In this practical, we revisit three very basic techniques, considered special cases of linear models:
a) Single Linear Regression,
b) 2-sample t-test,
c) One-Way Anova.
Table of Content
2.1 Running your commands from a script file 2
2.2 Single Linear Regression 2
Plotting the data and the linear trend 3
Saving the plot as a graphics file 4
Obtaining the R2 value from the model object 5
Calculating the R2 value from first principles 6
The model parameters and their associated standard errors 9
The F-test 10
Confidence intervals about the regression 11
Checking the assumptions 14
Checking for outliers and their impact on your model 15
Cook's distance as a measure of influence 17
2.3 Two-sample t-test 18
2.4 One-Way Anova 19
2.5
2.6
2.1 Running your commands from a script file
Typing directly all your commands in the R console is but one way to interact with R. Another way, definitely more practical, is to use a script in the R editor window. You type your commands in this script exactly how you would type them in the console. You can then select part of a line, a whole line or even several lines from your script and "send" these to the R console for processing. If you have made a mistake, you can then correct the call in your script file (not retype the whole blooming thing) and rerun it. These scripts have also the merit of keeping a record of the calls that you used in your session (not all of them, just the ones that eventually worked as you wished), which you can then save (as a text file without formatting) for later.

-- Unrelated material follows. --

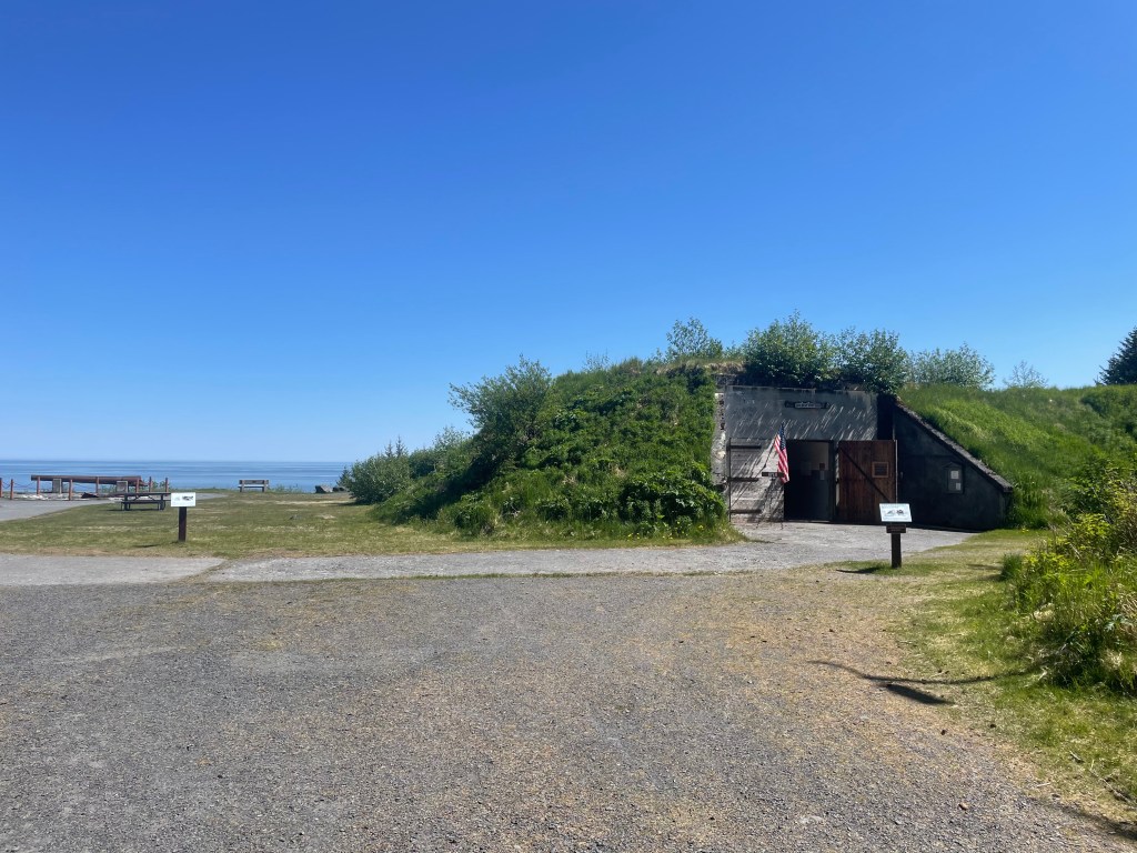 We grabbed a cereal – corn dog breakfast in our apartment, and headed out for the day. We drove to White Sand beach via the taxidermy Kodiak bear at our local police station, then called in to Abercrombie State Park – there was a great Military History Museum there, where I bought a Hitler book. We picked up lunch from Big Al’s then went to look at the Kodiak town historic sites. We enjoyed taking in the Russian Orthodox Church, the Alutiiq Museum, the Kodiak History Museum (which is the oldest building in Alaska, and the oldest Russian building in the US), and the Kodiak National Wildlife Refuge Visitor Center.

To create a blank script file, select New script in the File menu. A blank page (called Untitled) will then appear in the R editor. May I suggest that you type all the commands from this practical (without the R prompts, '' or '+') in such a script, saving it regularly (with Ctrl-S) under the name "Prac1.R" in a directory of your choice. Saving it with the .R extension is essential for it to be recognised automatically by R when you want to open it at a later date (using the Open script option in the File menu). Note that these script files, being text files really, can also be opened in Notepad, independently from R.
When you are ready to "send" an instruction to R, just select (using the mouse or combining the Shift and arrow keys) what you need from your script (a name, a line or multiple lines) and press Ctrl-R. This will effectively send your selection to the R console and ask R to process it.
If you want a whole line to be processed, there is an even neater trick. Placing the cursor anywhere in the line (without selecting any thing) and pressing Ctrl-R will send automatically the whole line to the R console for processing and subsequently move the cursor to the next line. Using this trick, you can then effectively process all the lines of your script, one line at a time, by pressing repetitively the Ctrl-R combination.
2.2 Single Linear Regression.
To be able to redo all the analyses (and a few more) that we have seen together in Lecture 2, you need first to install the faraway package. Please do so (following instructions from Practical 1 section 6 Obtaining R and Installing Packages). When you are done, type the following commands in your script file:
> library(faraway) ## mind the spelling
Loads the package faraway (in position 2 of the R search path, see Section 1.10).
> data(seatpos)
Loads the seatpos data frame from the faraway package into your R session (see Section 1.9).
> help(seatpos)
Opens the Help page about the seatpos data, to figure out what it is about (see Section 1.9).
> attach(seatpos)
Attaches the seatpos data frame in position 2 of the R search path so that the names of its components can be recognized on their own by R (see Section 1.10).
> names(seatpos)
[1] "Age" "Weight" "HtShoes" "Ht" "Seated" "Arm"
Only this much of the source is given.